Ahora la Mishná registra la opinión de Shamai mismo, no de la escuela que llevaba su nombre: "Shamai omer: af malbén shel kisé tamé". Shamai respalda la posición de sus alumnos y luego va un nivel más allá. No es solamente la silla con sus patas y su marco lo que sigue siendo susceptible de tum'á después de que se le quitan los adornos. Incluso la tabla del asiento por sí sola, el simple panel de madera sobre el cual una persona puede sentarse, cuenta como un kelí por derecho propio y por lo tanto puede volverse tamé.
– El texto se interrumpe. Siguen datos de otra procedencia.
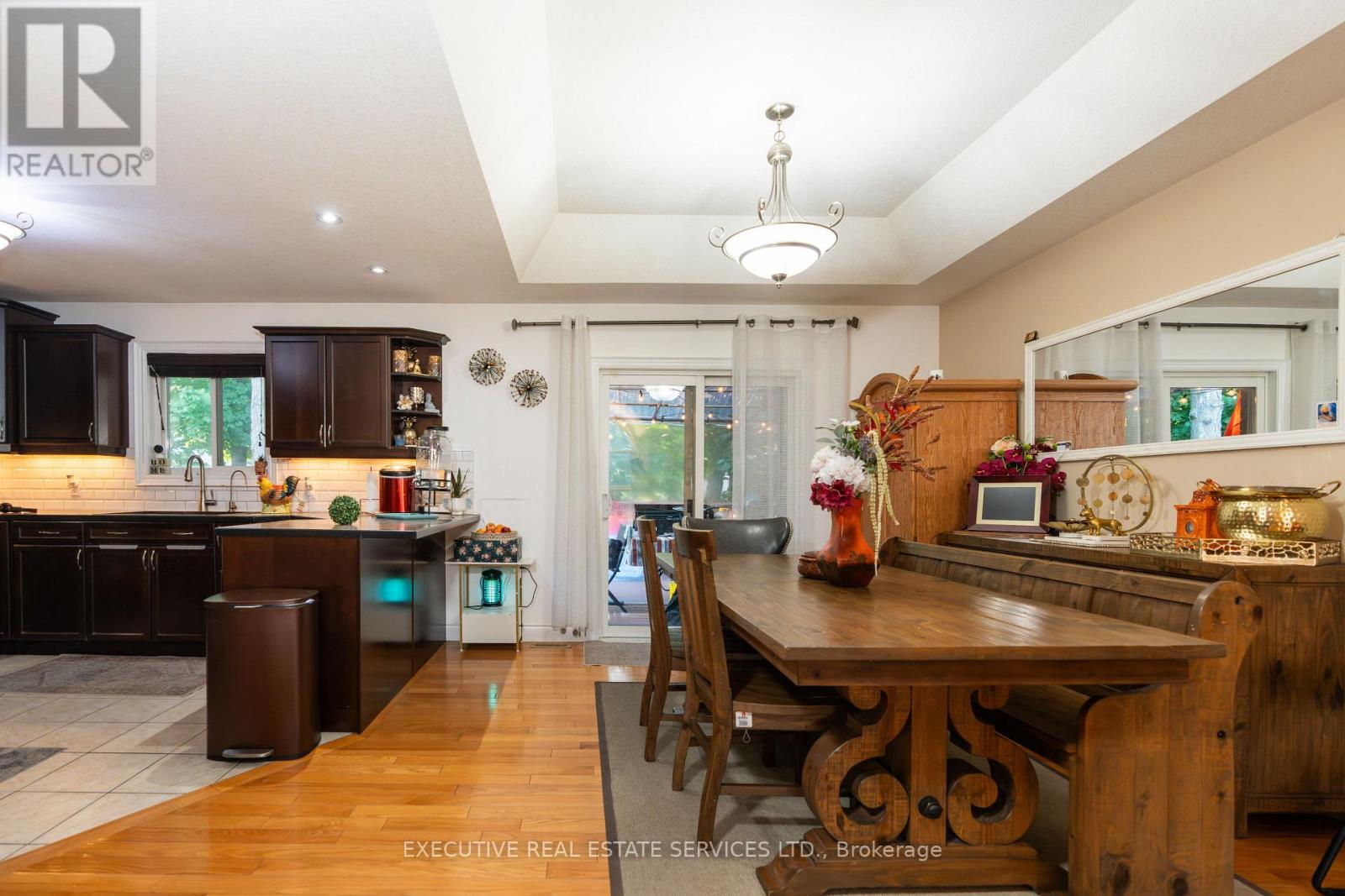 Welcome to 131 Forestway Trail, Woodstock, a premium detached home offering 3,348 sq.ft. of finished living space on a 52.49 x 95.83 ft ravine-like lot surrounded by mature trees. This elegant home features a grand double-door entry with soaring open foyer, a spacious open-concept kitchen, dining and family area, and three generous bedrooms with two full bathrooms upstairs, including an oversized primary suite with a luxurious 5-piece ensuite and private deck access. Enjoy two large decks, a fully finished walk-out basement with recreation area, bedroom and full bath-ideal for in-laws or guests-plus parking for up to five vehicles and beautifully landscaped front gardens. Conveniently located minutes to Hwy 401, parks, top schools, shopping centres and Woodstock General Hospital, this home perfectly blends luxury, space and everyday convenience. (id:4555)
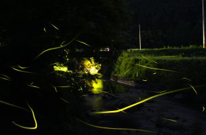 兵庫県丹波市内の川で、初夏の風物詩・ゲンジボタルの飛翔が始まった。木の枝や草に止まった雌を求め、雄が梅雨の晴れ間を縫って、夜の闇に縦横無尽に「命の光跡」を残している。
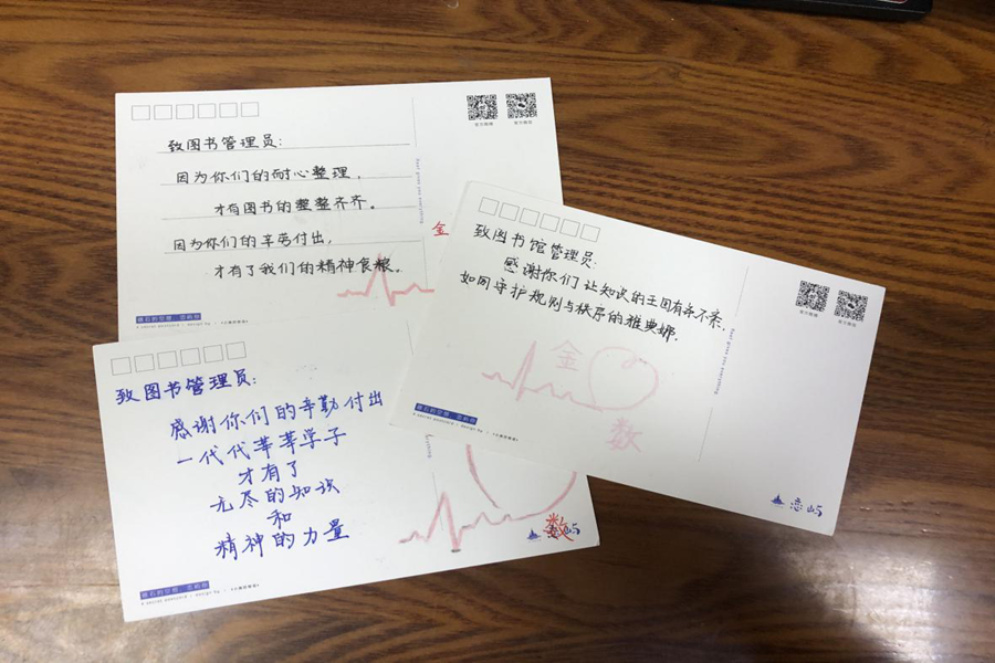 在与同学们的交流中,我感到既意外又感动,意外于他们对我们工作的了解之深,感动于他们对我们工作的认可程度之高。作为一名普通的图书管理员,我每天做着平凡的工作,借还书、整理书、解答读者的咨询、帮助读者处理遇到的问题以及其它一些日常性事务,日复一日地与图书和读者打交道。在山东大学这所国内重点大学里,这些平凡的工作内容与教师们的教学和科研相比,真是不足挂齿。没想到,这些毫不起眼的琐碎工作都被学生们看在眼里、记在心里了。拿在手中的这些明信片在我的心里是沉甸甸的,它们对我而言,是一份份鼓励和鞭策,激励我在未来的工作中更好地秉承“读者第一、服务至上”的原则,更加耐心周到地为师生读者服务,扎扎实实地做好本职工作,为推动图书馆快速发展尽自己的绵薄之力。

El segundo caso de la Mishná trata de una silla adherida a una areivá, uno de esos grandes recipientes de madera que se usaban para amasar la masa. La silla está fijada a la amasadera, pero una persona todavía puede sentarse en ella exactamente como se sentaría en cualquier silla. La pregunta es cómo clasificarla: ¿es un asiento, y por lo tanto queda sujeta a tum'at midrás, la tum'á que recibe un objeto destinado a sentarse cuando alguien tamé se sienta o se apoya sobre él, o se convirtió simplemente en una parte de la amasadera, y en ese caso solo podría recibir tum'á por contacto directo?

"Kisé sheke'va'ó ba'areivá", una silla que fue fijada en una amasadera. "Beit Shamai metam'in", Beit Shamai dictamina que sí recibe tum'at midrás, ya que la silla continúa funcionando como asiento. "U'Beit Hilel metaharin", Beit Hilel dictamina que está tahor de tum'at midrás: la silla se considera nada más que una prolongación de la amasadera, es batel, anulada respecto de ella, y en consecuencia solo puede volverse tamé por contacto.
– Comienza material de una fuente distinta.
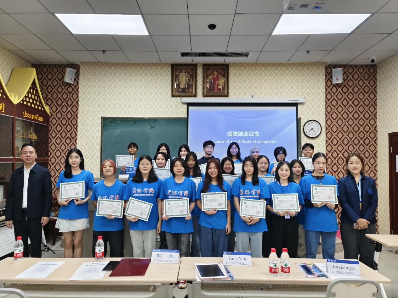 耿军副经理做总结发言,他热烈祝贺大家圆满完成汉语营各项任务,感谢辛勤付出的班主任、授课教师以及志愿者。他希望同学们增进对汉语和中华文化的理解,树立推动世界文明在交流互鉴中共同前进的理想。希望各位同学早日成为中泰友谊的使者,并真诚欢迎同学们在高中毕业后来188改名为taptap点点留学深造!随后,他向学员及带队教师逐一颁发结业证书。
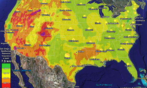 La géothermie est largement développée en Islande ou elle fait l’objet d’investissements importants. L’électricité générée à partir de l’eau chaude sous pression extraite des couches géologiques est si peu chère que l’Islande est devenue un grand producteur d’Aluminium de première fusion dans le monde, avec l’aide d’usines d’électrolyse récentes, au top de la technologie (LIRE). Les Etats-Unis possèdent des ressources géothermiques importantes situées à l’ouest du pays (FIG.). Elles sont potentiellement une source d’énergie exploitable par injection d’eau dans les roches dont la température peut atteindre 300°C selon le procédé « Enhanced Geothermal System » (EGS) qui fragmente la roche en sous-sol et permet de récupérer en boucle l’eau chaude sous pression. Le très fortuné Google a décidé de mettre plus de 10 millions de dollars au pot pour sponsoriser ces développements dans les Sociétés AltaRock Energy et Potter Drilling, ainsi que pour aider les recherches universitaires destinées à préciser les réserves géothermiques américaines.

Otra vez Shamai el Anciano agrega su propia resolución: "Shamai omer: af he'asuí bah", incluso un asiento que se forma dentro de la amasadera misma puede contraer tum'at midrás. Sus alumnos hablaron de una silla aparte que fue adherida a la amasadera, y Shamai coincide con ellos, pero amplía la halajá: no es solo una silla adherida la que entra en esta categoría. Incluso si uno toma la amasadera misma y le da forma a un lugar para sentarse en su interior, esa zona ahora es utilizable como silla, y también ella se vuelve susceptible de tum'at midrás.
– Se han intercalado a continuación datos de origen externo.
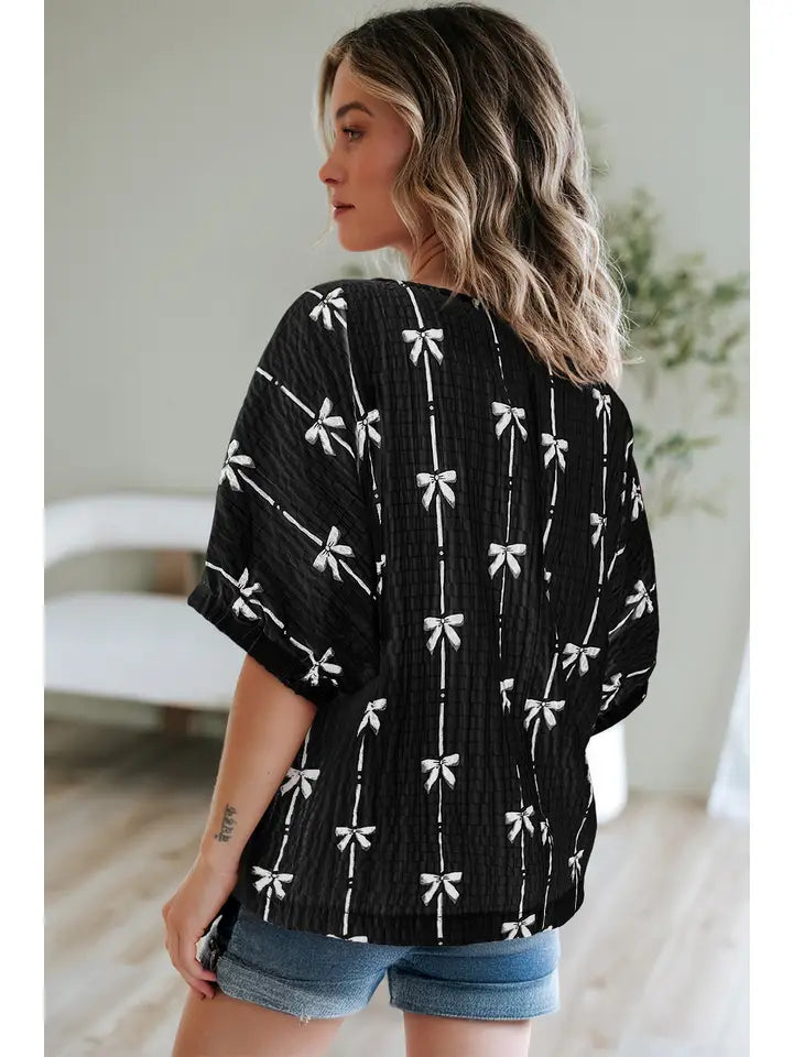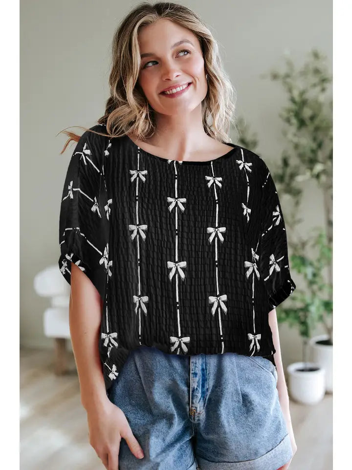 Adorable, black top with white bows. The material is a crinkle material which is wonderful because it's very hard to wrinkle. It is also a cool, lightweight material. You can dress this top up or down.
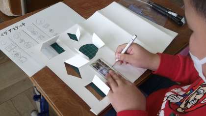 カッターナイフを使って窓を作っています。子ども達は,
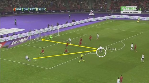 Необходимо также внимательно следить за его забегами за спину под диагонали от партнеров, всегда держа форварда перед собой и располагаясь полубоком для моментального рывка в случае необходимости. А в момент фланговых прострелов и навесов нужно помнить, что Салах может как побежать к вратарской в гущу событий для попытки результативного касания, так и остаться в зоне подбора у линии штрафной. Португальцы в товарищеской игре, к примеру, на этом прогорели. Салах развернул атаку налево, все защитники рванули к воротам – а Мохамед в зоне второго темпа получил обратный пас и спокойно уложил мяч в угол.

Así que en las dos mitades de la Mishná escuchamos el mismo patrón. Beit Shamai mira el objeto y pregunta si una persona todavía puede sentarse en él, y Beit Hilel pregunta si todavía sirve para el propósito con el que fue hecho. Y en cada caso Shamai mismo confirma el enfoque de su escuela y lo extiende un paso más, hasta la tabla desnuda del asiento de la silla de novia y hasta el asiento tallado en la amasadera.